(Data items)
┌──
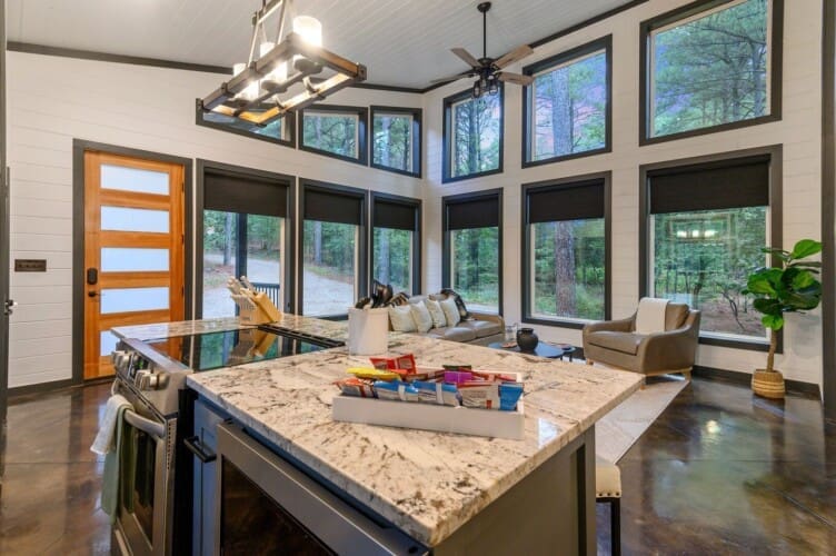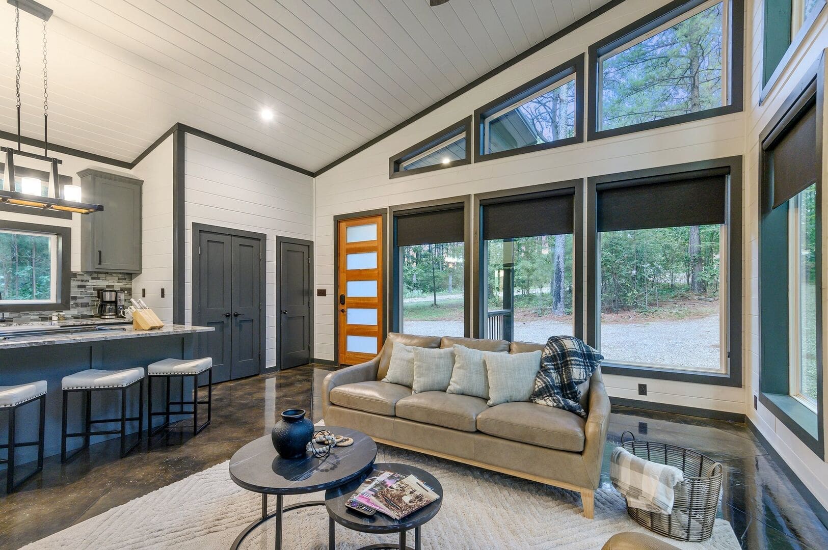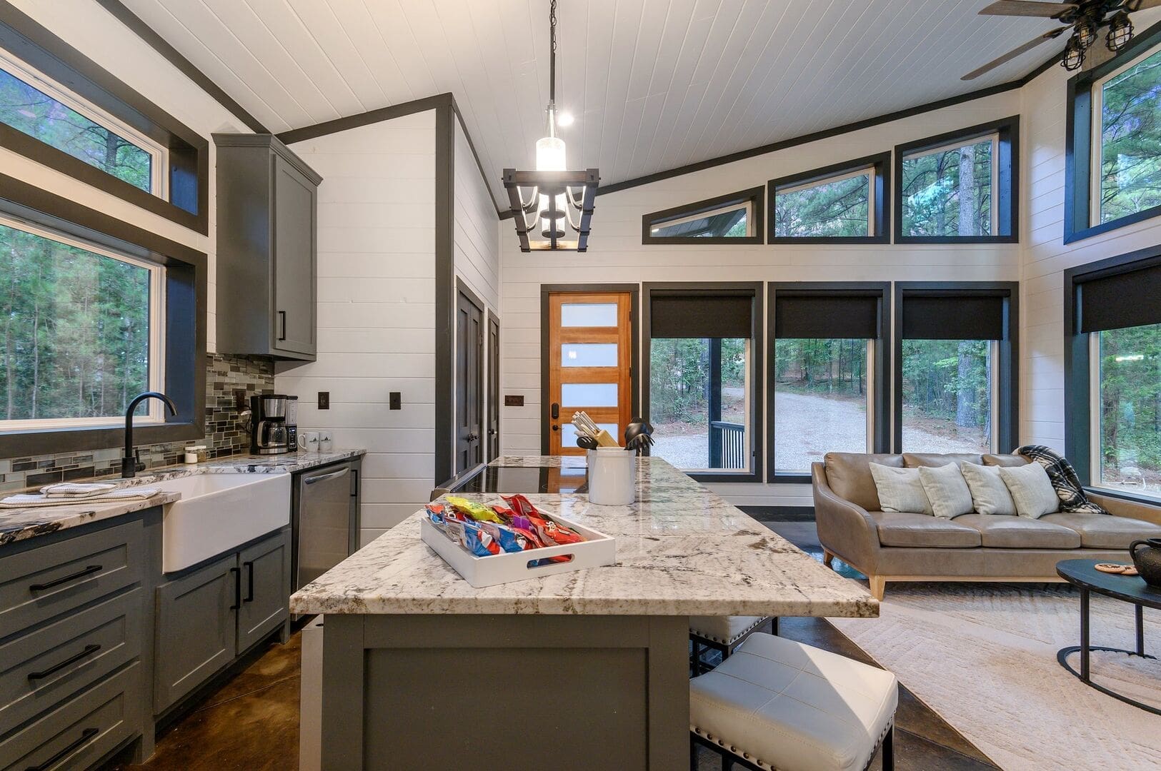 The Kitchen and Dining area is a haven for culinary enthusiasts, fully stocked with everything you might need for your stay. From a toaster and blender to a Ninja coffee maker (complete with a starter pack of coffee), the kitchen ensures a seamless experience. Four bar stools on the island provide a charming spot for intimate meals.
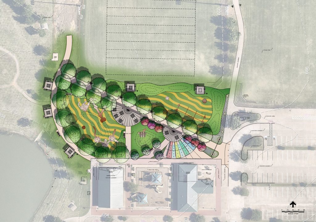 Old Celina Park is a one-acre all-inclusive, all-abilities playground designed with “play” in mind.  Explorers strolling through the stone gateway are drawn into the site by a multi-purpose spray fountain plaza with jumping fountains and lights, centered around two custom designed shade pavilions. The two pavilions resemble a windmill and grain silo, which is inspired by the surrounding farming community.
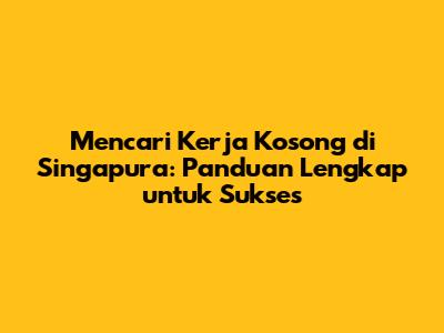Cari Kerja Kosong Di Singapura: Panduan Lengkap
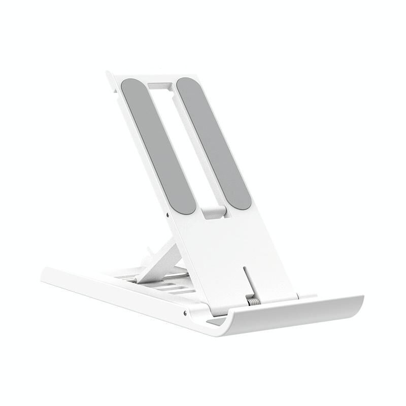 1. Μια βάση είναι βάση για κινητό τηλέφωνο και δύο βάσεις μπορούν να χρησιμοποιηθούν ως βάση για φορητό υπολογιστή, είναι μίνι, ελαφριά και δεν καταλαμβάνει χώρο. 2. Διπλώνεται και είναι φορητή, ελευθερώνοντας τα χέρια. 3. Ρυθμιζόμενη γωνία σε 6 θέσεις, βοηθά στην ανακούφιση από την κόπωση του αυχένα και της πλάτης. 4. Τριγωνική κατασκευή, σταθερή και δεν ανατρέπεται ή κουνιέται. 5. Η επιφάνεια επαφής είναι εξοπλισμένη με αντιολισθητικό μαξιλαράκι σιλικόνης, το οποίο είναι αντιολισθητικό και ανθεκτικό στις γρατζουνιές για την προστασία του τηλεφώνου. 6. Κοίλος σχεδιασμός για αποβολή θερμότητας, αυξάνοντας την κυκλοφορία του αέρα. 7. Υλικό: ABS+PC 8. Διαστάσεις: 120 x 50 x 7mm 9. Κατάλληλο για μοντέλα οθόνης κάτω των 12 ιντσών.
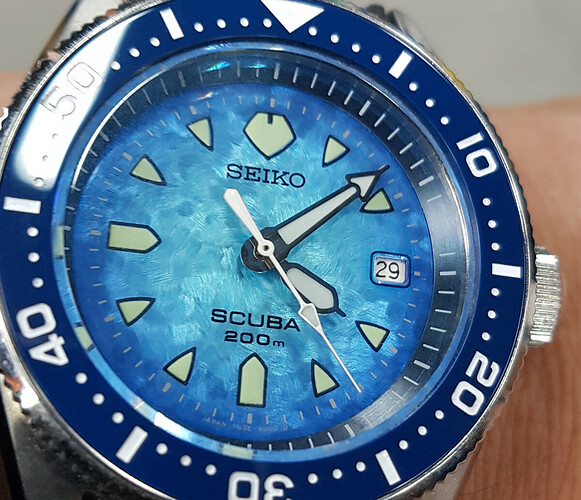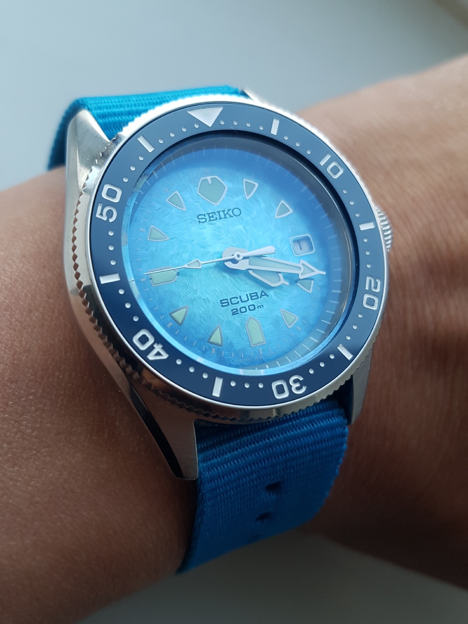 De datumschijf heb ik aan moeten passen omdat het venster niet precies uitlijnt met de NH35 uurwerk die er in zit. Omdat kwaliteits aftermarket onderdelen van een SKX013 moeilijk te vinden zijn heb ik een hele tijd moeten zoeken voor een juiste blauwe ceramic bezel insert. Het enige wat origineel SKX013 is dat zijn de wijzers. Deze matchen perfect bij de randen van de minuten markeringen die dezelfde zilvergouden kleur hebben. Ook mooi is dat je de binnenste seconden markeringen terug ziet op de rand van het blauwe AR coating saffierglas als je er recht boven op kijkt. Dit is het resultaat geworden en ben er erg tevreden mee.
└──
● Brief: Every entry should be written out word for word, except for its pictures.

● Result of the exercise:
 The Kitchen and Dining area is a haven for culinary enthusiasts, fully stocked with everything you might need for your stay. From a toaster and blender to a Ninja coffee maker (complete with a starter pack of coffee), the kitchen ensures a seamless experience. Four bar stools on the island provide a charming spot for intimate meals.
 Old Celina Park is a one-acre all-inclusive, all-abilities playground designed with “play” in mind.  Explorers strolling through the stone gateway are drawn into the site by a multi-purpose spray fountain plaza with jumping fountains and lights, centered around two custom designed shade pavilions. The two pavilions resemble a windmill and grain silo, which is inspired by the surrounding farming community.
Cari Kerja Kosong Di Singapura: Panduan Lengkap
 1. Μια βάση είναι βάση για κινητό τηλέφωνο και δύο βάσεις μπορούν να χρησιμοποιηθούν ως βάση για φορητό υπολογιστή, είναι μίνι, ελαφριά και δεν καταλαμβάνει χώρο. 2. Διπλώνεται και είναι φορητή, ελευθερώνοντας τα χέρια. 3. Ρυθμιζόμενη γωνία σε 6 θέσεις, βοηθά στην ανακούφιση από την κόπωση του αυχένα και της πλάτης. 4. Τριγωνική κατασκευή, σταθερή και δεν ανατρέπεται ή κουνιέται. 5. Η επιφάνεια επαφής είναι εξοπλισμένη με αντιολισθητικό μαξιλαράκι σιλικόνης, το οποίο είναι αντιολισθητικό και ανθεκτικό στις γρατζουνιές για την προστασία του τηλεφώνου. 6. Κοίλος σχεδιασμός για αποβολή θερμότητας, αυξάνοντας την κυκλοφορία του αέρα. 7. Υλικό: ABS+PC 8. Διαστάσεις: 120 x 50 x 7mm 9. Κατάλληλο για μοντέλα οθόνης κάτω των 12 ιντσών.
 De datumschijf heb ik aan moeten passen omdat het venster niet precies uitlijnt met de NH35 uurwerk die er in zit. Omdat kwaliteits aftermarket onderdelen van een SKX013 moeilijk te vinden zijn heb ik een hele tijd moeten zoeken voor een juiste blauwe ceramic bezel insert. Het enige wat origineel SKX013 is dat zijn de wijzers. Deze matchen perfect bij de randen van de minuten markeringen die dezelfde zilvergouden kleur hebben. Ook mooi is dat je de binnenste seconden markeringen terug ziet op de rand van het blauwe AR coating saffierglas als je er recht boven op kijkt. Dit is het resultaat geworden en ben er erg tevreden mee.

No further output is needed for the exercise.